His immediate predecessor, Juan Orlando Hernández, is expected to face a much tougher challenge, with a US indictment for drug trafficking reportedly imminent.

The India-Central Asia Summit. Indian Prime Minister Narendra Modi is the virtual host of today’s India-Central Asia Summit, with the presidents of Kazakhstan, Uzbekistan, Tajikistan, Turkmenistan and Kyrgyzstan all expected to attend the event in line. The meeting, which is expected to discuss Afghanistan as well as regional integration, is the first to take place at the leadership level.


The Afghan crisis. UN Secretary-General António Guterres has called for an unfreezing of around $9 billion in Afghan central bank reserves held in US institutions, warning that the country is “hanging by a thread”. The United States froze the funds in August 2021 to prevent them from entering the hands of the Taliban.

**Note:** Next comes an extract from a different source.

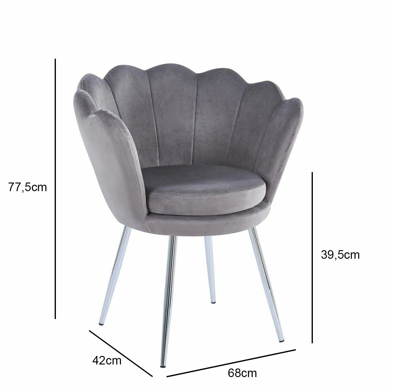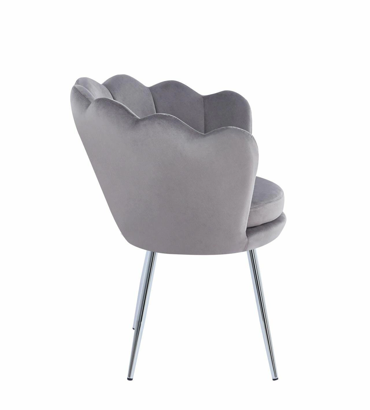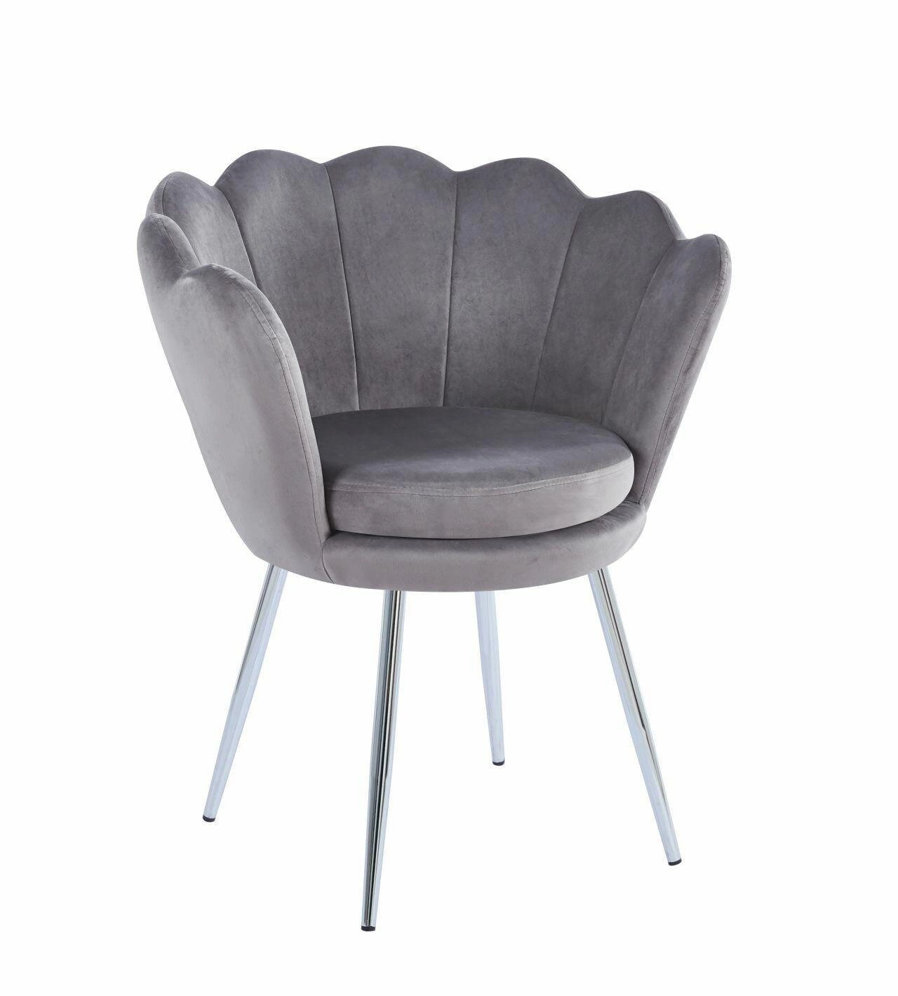 Krzesło muszelka Fiona VIC w kolorze szarym to nie tylko elegancki dodatek do każdego wnętrza, ale także praktyczne i wygodne siedzisko. Dzięki swojemu ergonomicznemu kształtowi oraz miękkiej tapicerce z weluru zapewnia komfort podczas długich godzin siedzenia. Solidne nogi w kolorze srebrnym zapewniają stabilność i trwałość, jednocześnie dodając subtelny akcent designerski do całości.

Chinese Ambassador to the UN Zhang Jun condemned the freezing of US assets as “no less deadly than a military intervention”.

Lukashenko speaks. Belarusian President Aleksandr Lukashenko is due to address an extraordinary session of parliament today, although his office has yet to give a reason for his speech. Lukashenko may deliver a long-delayed annual speech after failing to deliver one in 2021.


The small European nation of Andorra suffered a widespread internet blackout earlier this week, affecting more than half of the population of around 77,000 people, following a cyberattack on the country’s only telecommunications company . Was the culprit a state actor? A ransomware gang? Authorities have yet to find those responsible, but they have a motive: to force contestants out of a live tournament for the online game Minecraft, with the last player set to win a $100,000 prize.

Despite being eliminated due to the blackouts, Andorra players Auron (who has over 11.5 million subscribers on his Twitch channel) and Rubius (11 million subscribers) have not given up on their competitive streak and offered a $10,000 reward to anyone who finds the hacker responsible.